Given his obsession with institutional structures, Gillick has an oddly casual approach to the ways in which the sources and references behind his work are—or are not—communicated. In Chicago, for example, it was left to curator Dominic Molon to provide clues in the exhibition’s supplemental material. Within such a highly theorized practice, this gap suggests that Gillick may consider the specific references to be necessary only to his own productive process and that he intends reception to take place on a more ambiguous, even atmospheric, level. And yet he does not actively suppress the revelation of these references, so he might intend for them to trickle out via “discussions” such as this very review.

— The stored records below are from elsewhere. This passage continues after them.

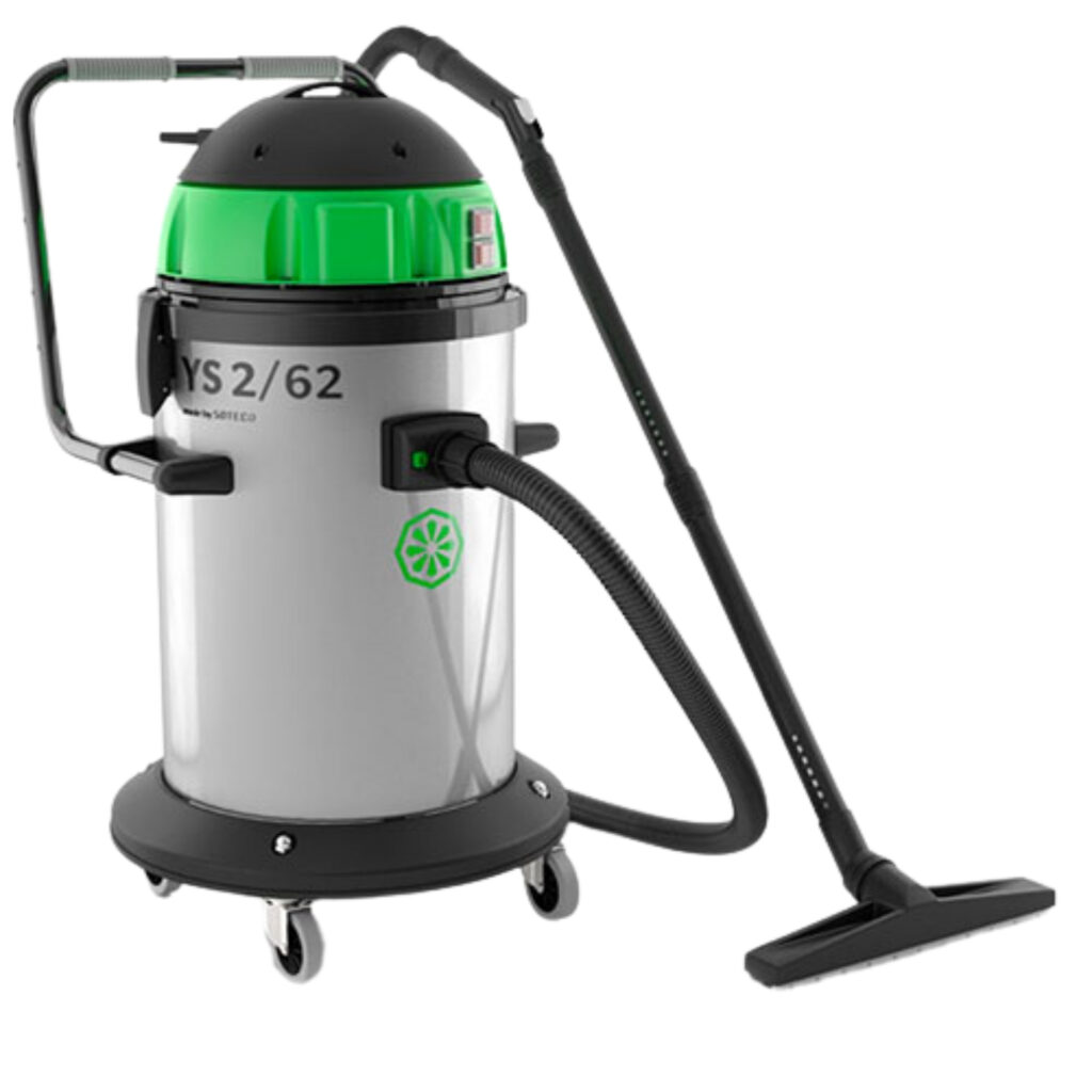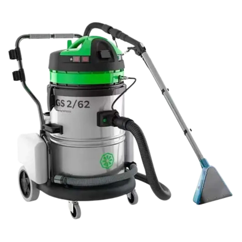 GS 2/62 EXT es extremadamente sólido gracias al amplio carro integrado con un recipiente de detergente y tanque de acero inoxidable de 62 litros. Es capaz de aspirar sin parar polvo, suciedad y líquidos de superficies rellenas, interiores de automóviles y grandes superficies, lo que lo hace ideal para empresas de lavado de autos.
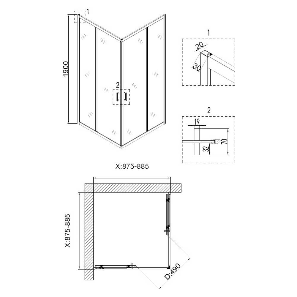 - Размеры (ДхШхВ): 90x90x195 см
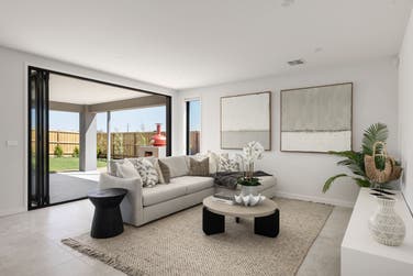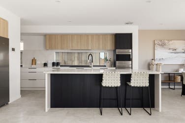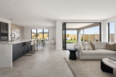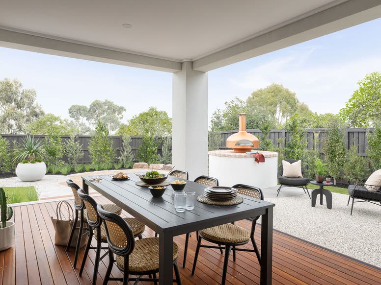 The Vogue 34 featuring the Bronte façade at Lara showcases brushed nickel tapwear, pivot entry door, wrought iron balustrade on staircase, increased height to aluminium stacker doors to alfresco and 900mm stainless steel appliances.

Perhaps the sparest example of this strategy is the percussive sound track that projected from a ceiling-mounted speaker toward one corner of the gallery. Its nearly uniform rhythm suggested a factory environment similar to that described by the text projected nearby, taken from two of the artist’s ongoing writing projects, Factories in the Snow, 2006, and the unpublished Construcción de Uno—Construction of One. The museum’s information sheet and a published interview with Gillick add far more specific references. We learn that the audio is meant to recall the drum track of the 1979 Joy Division song “She’s Lost Control,” creating a half joke about control and industrial production that resonates more deeply with the projected text. The Joy Division reference is further meant to evoke the album covers of Peter Saville, graphic designer for Factory Records, who was himself influenced by “the cool, disciplined ‘New Typography’ of [Jan] Tschichold,” an important advocate of modernist typography and design in 1920s Germany. This is, then, the audio equivalent of the geometric poster: the apparently meaningless thump, thump, thump, thump standing in for a very specific line of associations that carries us deep into Gillick’s obsession with modernism and its legacy.

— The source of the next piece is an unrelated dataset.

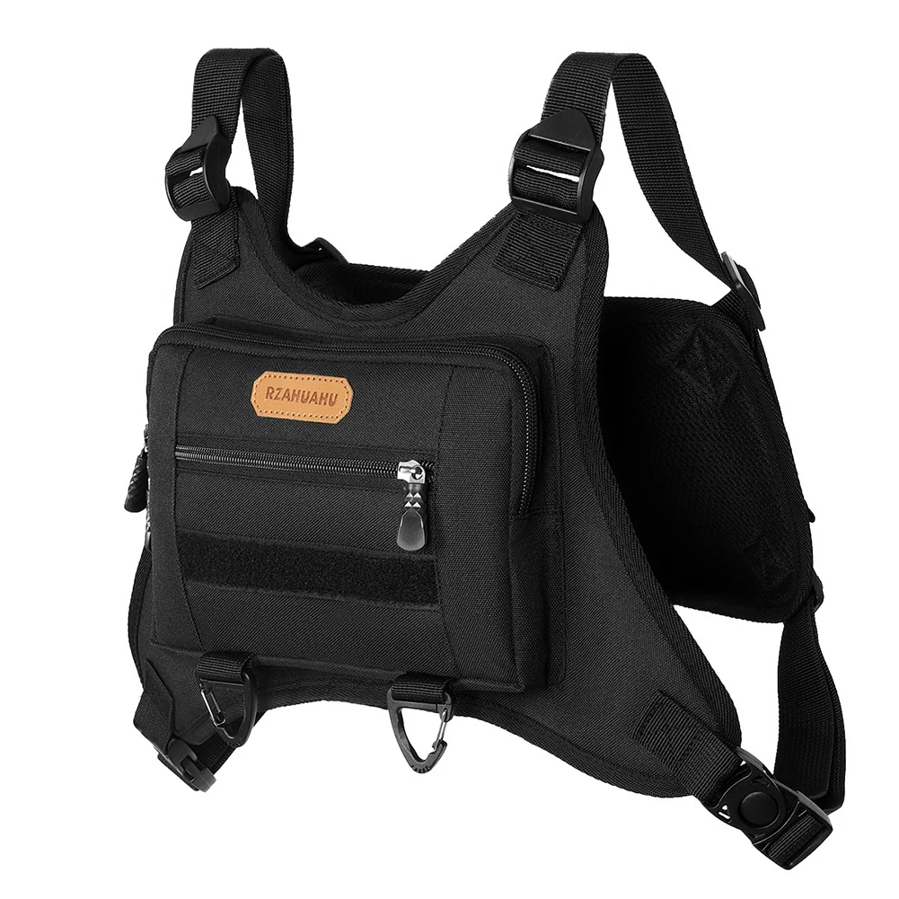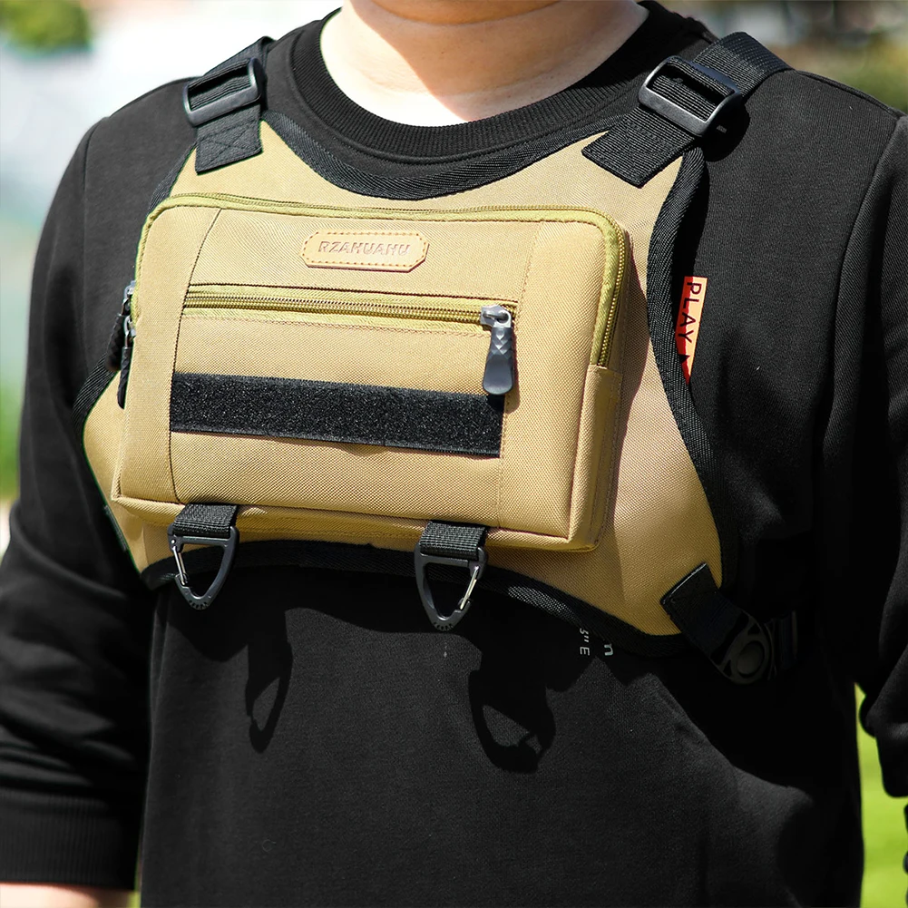 Fashion Sport Backpack Adjustable Strap Streetwear Chest Bag Large Capacity Travel Vest Backpack for Running Travel Features: 1. Spacious Storage: This sports chest bag boasts a generous storage compartment, perfect for housing essentials like smartphones, wallets, and keys. Its capacious design renders it an ideal companion for outdoor activities, travel, or everyday use, meeting all your storage needs with ease. 2. Versatile Attachments: Equipped with multiple external hooks, this front chest pack allows for convenient and flexible attachment of various items. This feature ensures that your gear is always within reach and organized just the way you need it. 3. Adjustable Straps: The running vest bag features straps that can be easily adjusted to fit any body size and wearing style. Tailor the strap length to your personal preference for a comfortable wearing experience. 4. Multiple Pockets: Designed with several pockets, this chest rig bag offers convenient compartmentalization for your items. This multi-pocket setup allows for efficient organization and easy access to your belongings, keeping everything neatly sorted. 5. Breathable Mesh: The fashion sport backpack's breathable mesh design ensures good ventilation and heat dissipation. It quickly wicks away moisture and heat, keeping you dry and comfortable during outdoor activities.

Above this all hovered the show’s single grand gesture: the glowing, candy-colored ceiling grid that Gillick created by simply replacing the museum’s standard white light covers with a random pattern of brightly tinted transparent ones. The result was a large-scale version of the gridded “discussion platforms” that are Gillick’s best-known works—a fittingly retrospective gesture linked to the poster’s suggestion that the entire gallery should, or could, become a Socratic space. Yet while the architectural impact of the intervention was strong—revealing the conduit and fluorescent fixtures usually hidden above the ceiling while focusing attention on this plane and its rationalizing grid—the effect was, again, not directly critical but ambiguous. The gallery’s white box was not so much challenged as repurposed.

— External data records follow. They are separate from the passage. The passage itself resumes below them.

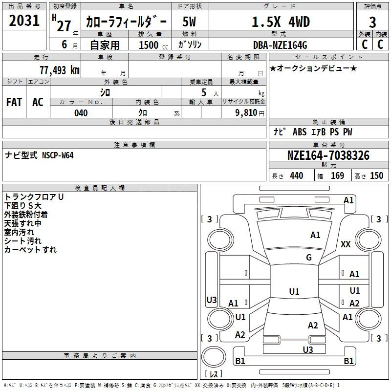 С данным лотом столкнулись на строгом Тойотовском аукционе TAA. Как видим из замечаний на схеме в аукционном листе: правое переднее крыло было заменено, на пятой двери большая вмятина(хотя мы ее не видим), и на левом пороге заметная вмятина, по кузову царапины по лаку. И такие же замечания бывают на аукционном листе с оценкой 4 балла.
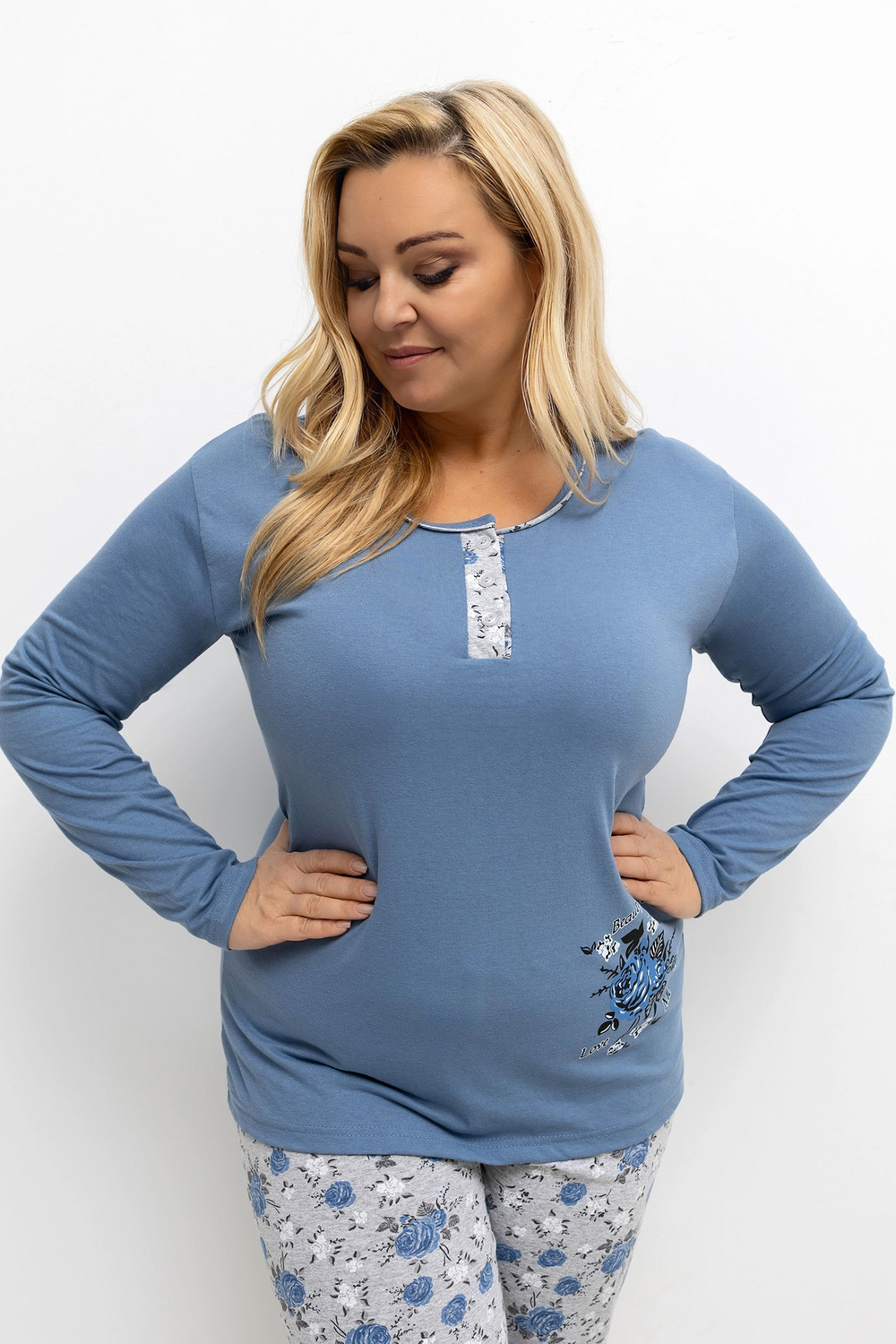 Rozměry pyžama ve velikosti XL, měřené na vyrovnaném kusu: halenka: šířka pod pažemi - 56 cm, délka rukávu - 58 cm, celková délka - 69 cm, šířka dole - 56 cm, kalhoty: šířka pasu - 29 cm (na rovno), natažená šířka pasu - 62 cm, šířka boků - 57 cm, celková délka - 97 cm.
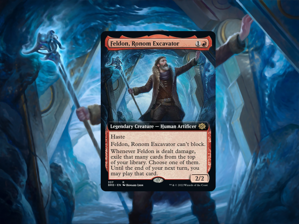 Let's start by stating that Feldon here isn't the most obvious candidate for the Command Zone. Sporting a shape, as an aggressive 2/2, that doesn't tend to enmesh with the format's midrange identity, Feldon will find himself dead on the ground with only 1 card to his name if handled improperly. Certainly, if an opponent blocks with their Jodah, the Unifier your Commander will die, and while you get to pick your favorite card from among 6+ in that scenario the rest are inextricably lost to exile. That's the beauty of it. Feldon often requiring you to pick the single best card from exile from a batch puts you in a tough spot—do you take this boon, or that? Party Thrasher or Runaway Steam-Kin? In forcing you to make a genuine choice that feel of a roguelike is embodied in a card which surprisingly has more going on than appears so. You get until next turn to cast the chosen card, so you can readily tap out, and given Feldon has Haste cards such as Nemesis Mask can push opponents to give you a massive swath of cards to choose from. In fact, sending Feldon into precarious situations is one of the better means of churning through cards in your library, as in a roundabout way this deck operates much like a self-mill strategy...with much less accessibility. You've Been Caught Stealing & Impact Resonance both make ample use of the fact that Feldon is so accident-prone, and while you're incentivized to keep your opponents' boards thick with Creatures, being able to wipe them away with a moment's notice is duly appreciated.Casting from exile is among the most supported of Red's modern archetypes, and since the popularity of Prosper they've included ample goodies in every set. Feldon's favorite among these come in the form of Spells which cheat a bit against their intended design context, Delayed Blast Fireball & Ultimate Magic: Meteor. Each of these has Foretell, which is an upfront cost of {2} to cast them later from exile, their secondary effects being stronger when cast beyond the hand. With Feldon however, we're often ripping them off the top directly from exile, saving 5 mana on a massive 5 damage Fireball, and destroying potentially 3 Artifacts or Lands with Meteor. These are facilitated by exile-specific ramp, like Interdimensional Web Watch & everyone's favorite Lizard Wizard, Party Thrasher. Cards like Fury, Cave-in, & Pyrokinesis are also stellar hits to exile, given we can cast them for free with the alternate cost, making immediate use of them. Feldon does graciously allow us to play cards exiled with him until our next End Step, so we get a little reprieve if we run out of mana, but always remember to damage him before making a land drop, as he's a stellar means of consistently hitting Lands! Furthermore, while we exile all these cards, be on the lookout for either Squee, the Immortal or Eternal Scourge, who ideally end up there for a lategame combo we'll cover in a bit.

But to what end? Gillick’s work should be distinguished from the more overtly participatory practices of an artist such as Rirkrit Tiravanija. The fact that Gillick creates works called discussion platforms does not mean he intends anything so direct as for them to be places to talk. Indeed, his slick aesthetic suggests the opposite: His works function more as chilly icons of unrealized interaction than as vehicles for interaction itself. Writing about the ambitions of more utopian work, Gillick has said, “My interest is far more grounded and potentially disappointing than this. And could be described as an ongoing investigation of how the middle ground of social and economic activity leaves traces in our current environment.” “Three Perspectives and a Short Scenario” effectively captured this interest in the physical traces of graphics, objects, and environments. Generated by complex reflections on both grand themes and specific precedents, the real strength—the truth, even—of Gillick’s practice lies in his capacity to produce things and places that mirror and distort the opacity of contemporary markets, economic and artistic alike. Which is to say that Gillick’s practice intentionally remains representational, not operative. Or, as the reductive sound track suggests, no one here has lost control.

Sean Keller is an assistant professor at the Illinois Institute of Technology.